__SUPPLIED MATERIAL__.

== Segment start ==

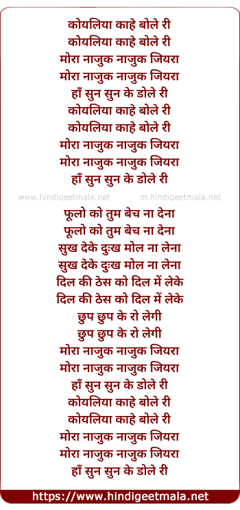 Lyrics of Koyaliya Kahe Bole Ri - कोयलिया काहे बोले री
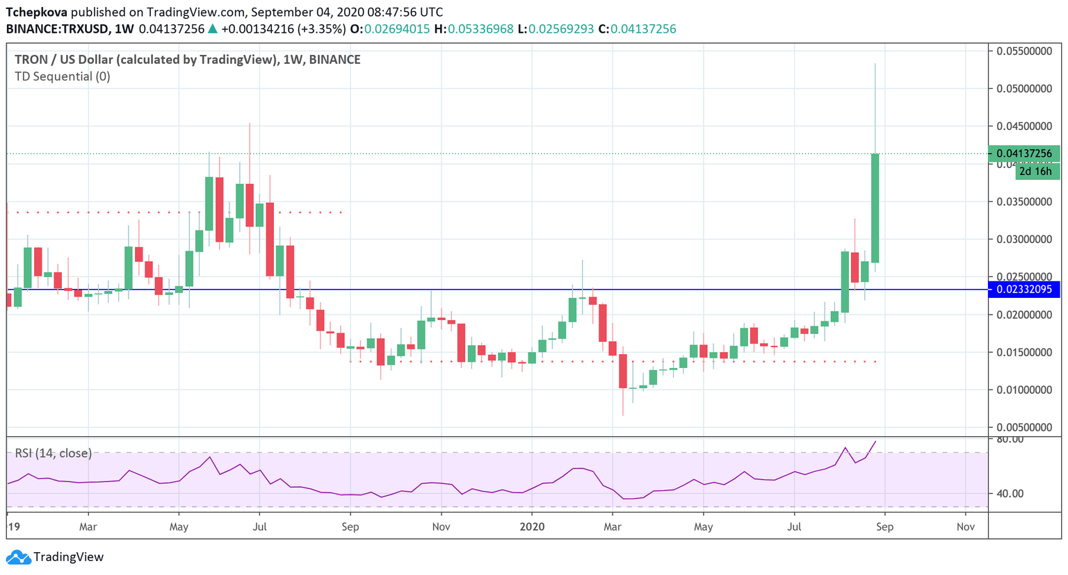 - TRX/USD is dangerously overbought after rallying 80% in a single week.
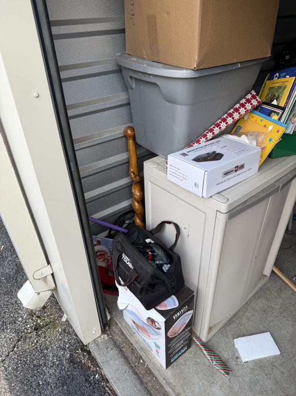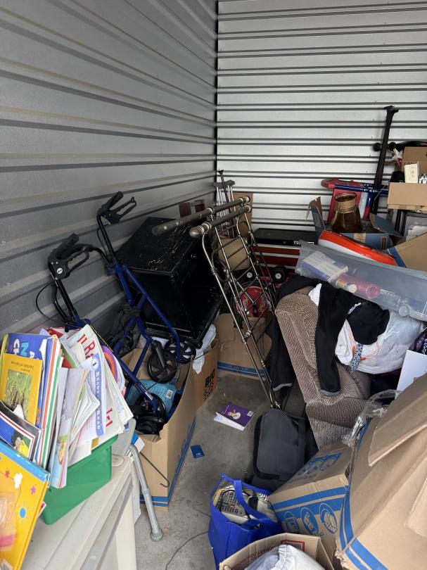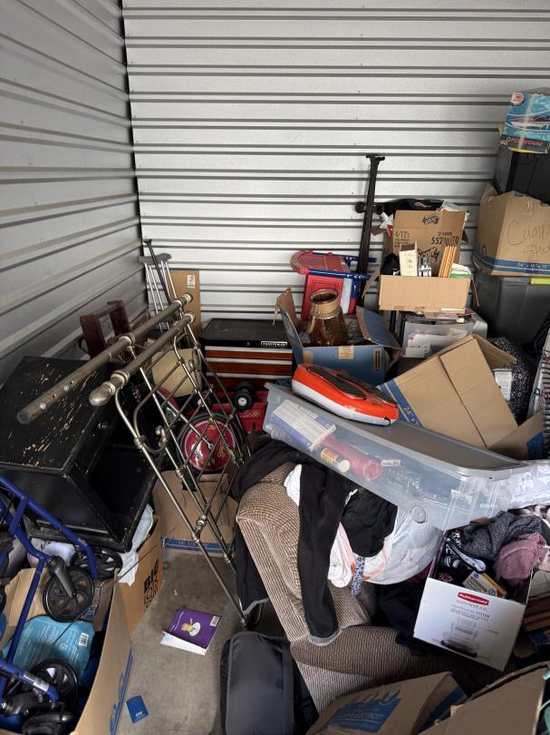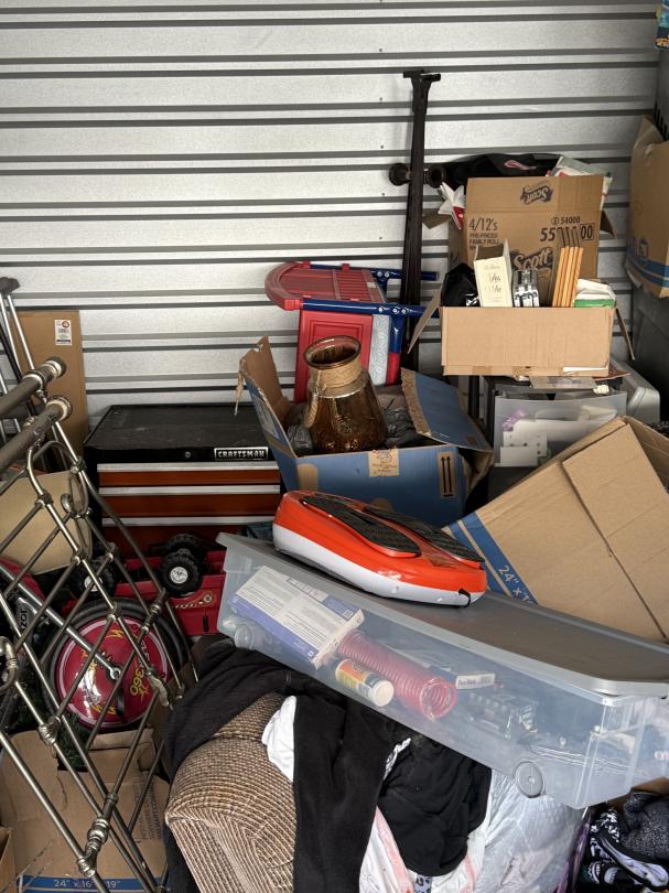 This unit appears to contain…clothing, shoes, medical walker, toolboxes, boxes, totes, kids toys, recliner, washing machine, dryer
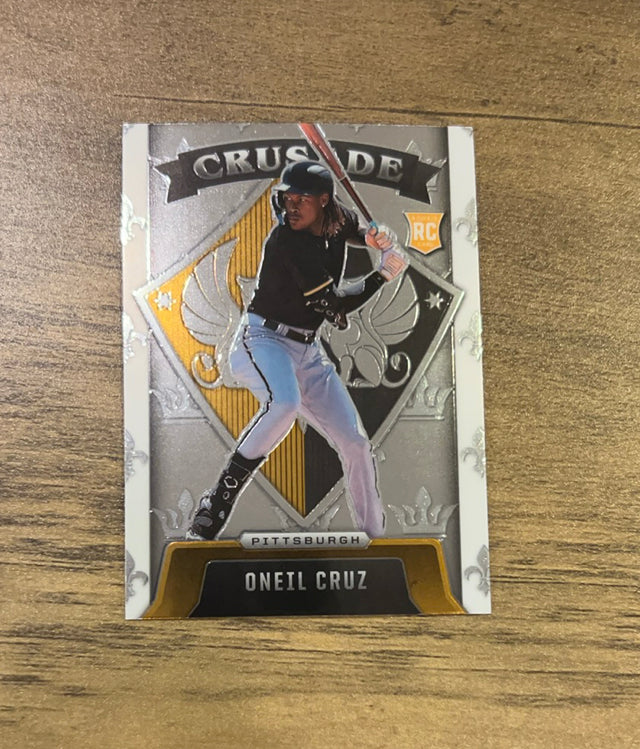 This 2022 Panini Chronicles Crusade rookie card of Oneil Cruz is a vibrant collectible for Pirates fans, showcasing a dynamic shortstop!

== Segment end ==

__HOW TO COMPLETE THIS TASK__.
Reproduce word for word only the lines between the line containing "This unit appears" and the end of the listing above, both included, and drop any pictures.

__TASK RESULT__.
 This unit appears to contain…clothing, shoes, medical walker, toolboxes, boxes, totes, kids toys, recliner, washing machine, dryer
 This 2022 Panini Chronicles Crusade rookie card of Oneil Cruz is a vibrant collectible for Pirates fans, showcasing a dynamic shortstop!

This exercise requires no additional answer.